Propos confirmés par Maud Léchot, jeune chasseuse d’Orvin, qui indique que depuis le retour du lynx, les effectifs de chevreuils à tirer n’ont pas diminué et que celui des cerfs a même augmenté. «De plus, les ongulés ont retrouvé un comportement plus naturel en étant davantage méfiants à cause de la présence de ces prédateurs.»

 

Sauver les forêts
Ernst Zürcher, ingénieur forestier, s’est, lui, attardé sur le rôle régulateur du loup. «La surpopulation d’ongulés pose problème à nos forêts», affirme-t-il. «Le réchauffement implique une évolution de la gamme des espèces, qui comptent de plus en plus de sapins blancs, de chênes, de sorbiers ou de frênes.
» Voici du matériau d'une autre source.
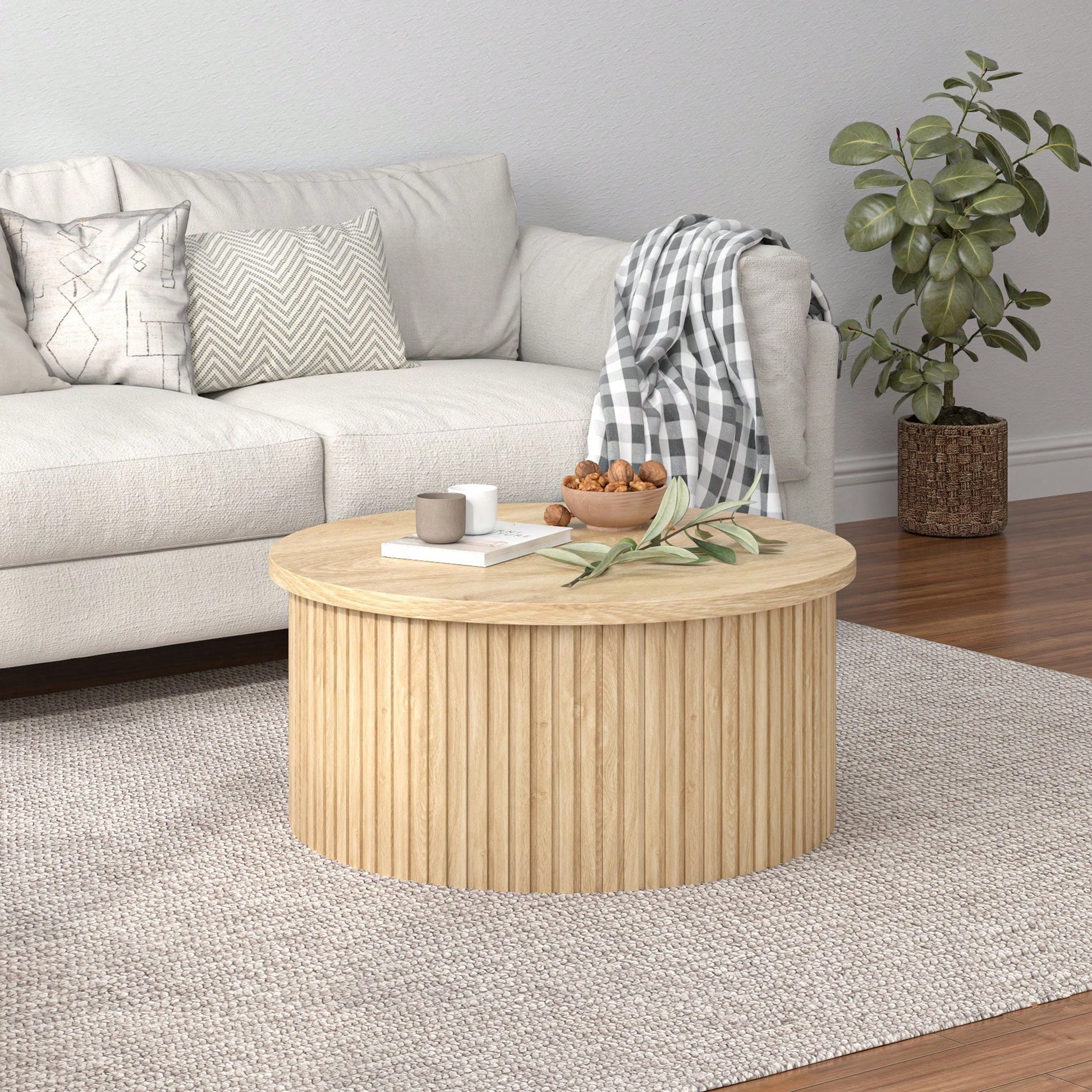 Add charm and clever functionality to your living room with this 33″ round lift-top coffee table, designed in a modern farmhouse style. The circular silhouette offers soft edges ideal for family spaces, while the lift-top design reveals hidden storage, perfect for stashing remotes, books, or blankets. Crafted from durable engineered wood with a rustic finish, it blends form and function effortlessly. A lower open shelf provides added space for display or organization. Whether you're entertaining or relaxing, this coffee table elevates both style and convenience in your space.

Des arbres qu’affectionnent les ongulés, qui mangent les jeunes pousses, empêchant ainsi l’adaptation des forêts.»

Ce phénomène que l’on nomme abroutissement, pourrait diminuer si la population de loups augmentait. Ainsi, le canidé est la solution plutôt que le problème.

De l’avis général, il faut aider les paysans, les pêcheurs et les collectivités à mettre en place des mesures de prévention adéquates, et non accepter une loi menaçant la biodiversité. «Car le loup n’est pas un danger pour l’homme. C’est bien connu, c’est l’homme qui est un loup pour l’homme», conclut Philippe Grosvernier.